The Cobra cruised a few more miles before pulling onto the dirt near an easily missed sign that said C
AMP
R
OAD
. Serge kept it under five miles an hour as he craned his neck left and right. They passed a tiny church, then some trailers and a woman walking barefoot with a vegetable basket. The Cobra disappeared into the woods.

Ten minutes later, Coleman looked ahead at the ever-narrowing road, branches scraping both sides of the car as the sun went down. “Where are we?”

“Probably missed the place. Better go back.”

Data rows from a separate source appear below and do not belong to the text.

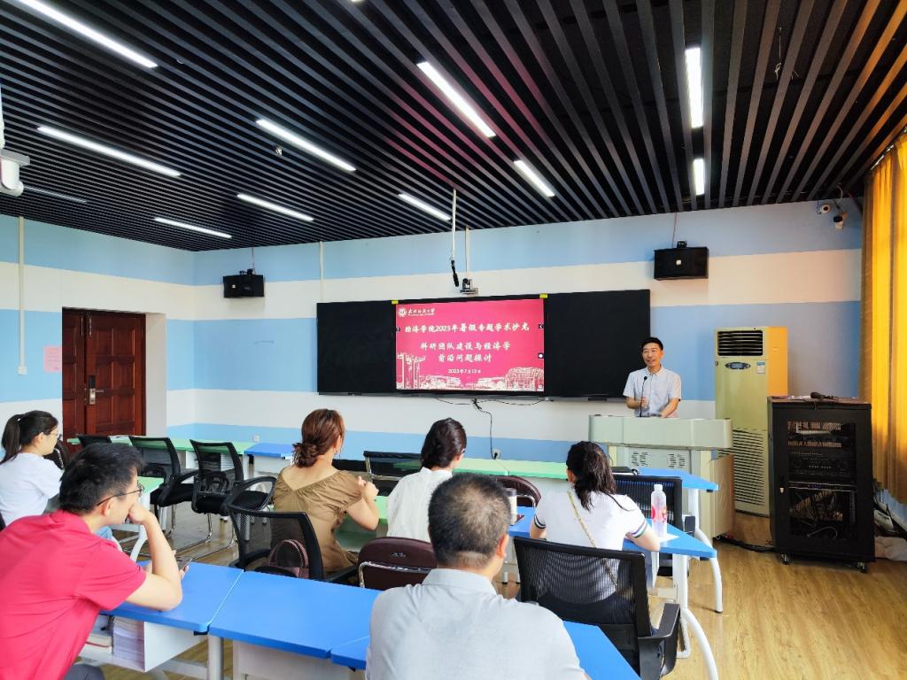 王滨院长发表了开场致辞,强调学院对学术活动的高度重视,并以自己的学术经历鼓励老师们积极从事学术研究。王滨指出,学院将致力于搭建更加完善的学术平台,为老师们提供更好的研究环境和学术氛围。
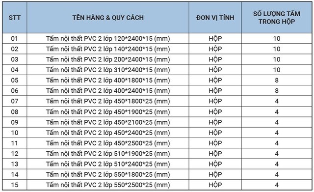Kích thước cơ bản của tấm nội thất PVC – 2 lớp của Tập đoàn Nhựa Đông Á được dựa theo tiêu chuẩn phổ thông, với độ rộng đa dạng từ 120 mm cho tới 550 mm và độ dày của ván nhựa từ 15 mm đến 25 mm.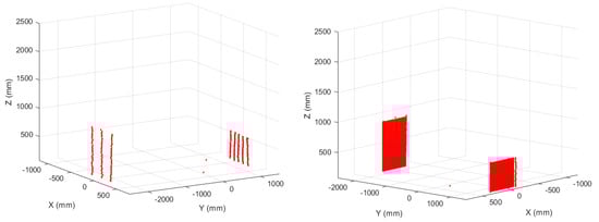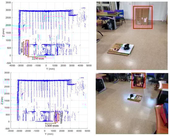 We placed two obstacles in the landing scenario, with dimensions 900 × 600 mm at a distance of 2250 mm from the SLAD system, and 550 × 550 mm at a distance of 1300 mm. Figure 19 (red boxes) shows the obstacle positions in the corrected point clouds, and Figure 20 shows the result of the “difference image” between the clean landing field and the same field with the obstacles.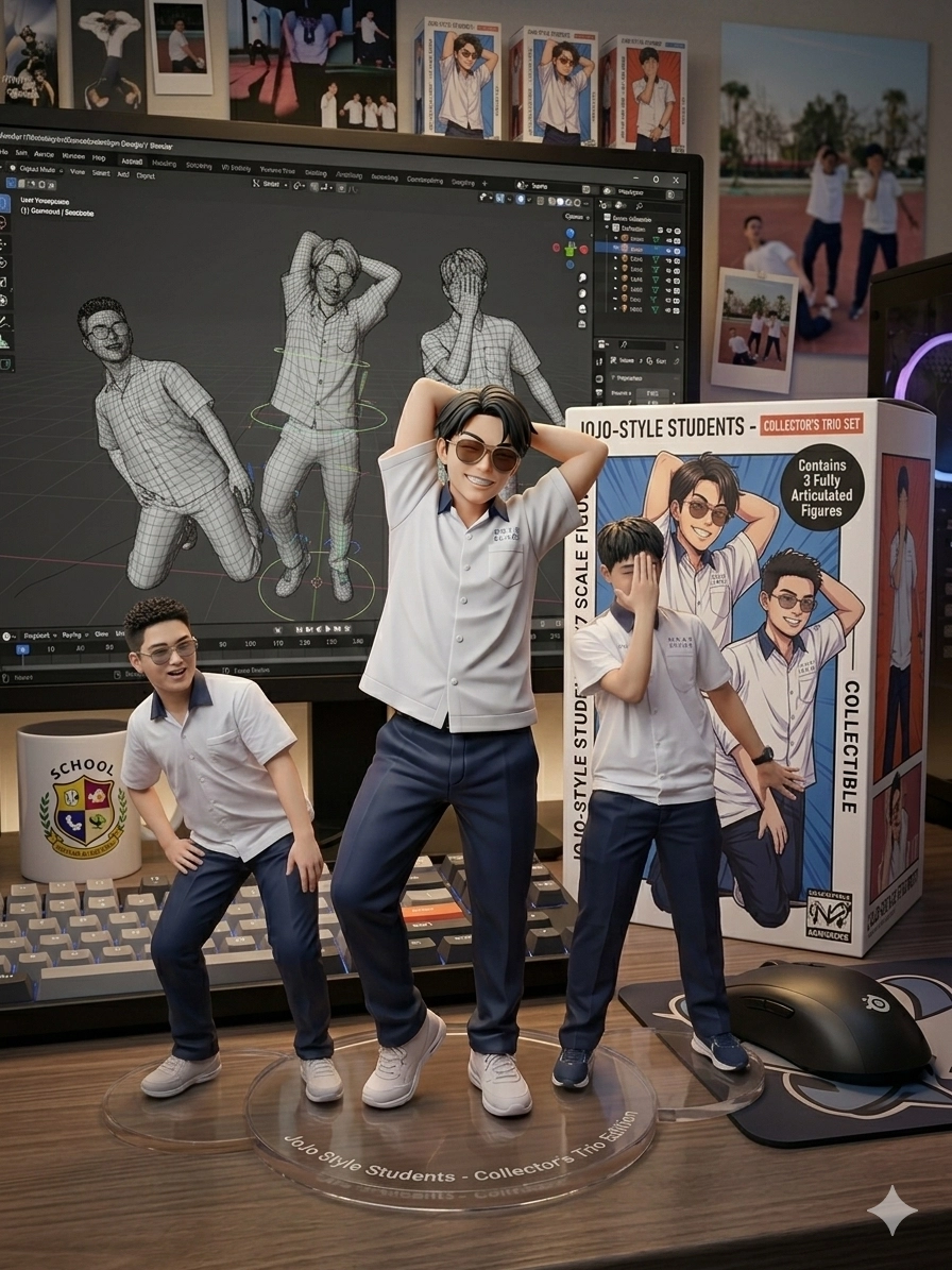 請幫我依照這張照片中的人做成一個3D立體公仔,一隻腳要往旁邊勾起來,另一隻站立,手的姿勢隨意,背景要

“But we can’t turn around.”

Serge threw his arm over the back of the seat and faced out the rear window. “Time once again to practice backing up several miles.”

“Hey,” said Coleman. “There’s that barefoot woman we passed earlier. She’s looking at us weird.”

“Probably just nerve damage to her face. I’m sure she see Cobras backing through the woods at forty all the time.”

“She’s waving like she wants to tell us something.”

Serge eased to a stop and rolled down the window. The woman set her basket on the ground and stared inside the car with puzzlement. “Can I help you fellas find something?”

“Yes!” said Serge. “Donn Pearce wrote the novel
Cool Hand Luke
after serving a stint at Road Prison Number Fifty-eight, but the suits changed the number to thirty-six and moved it to Hollywood.”

“You’re trying to find the old chain-gang place?” She pointed over the top of the car. “Used to be right there on the other side of all that brush. Just keep backing up until you get to the fork and take the other spur.”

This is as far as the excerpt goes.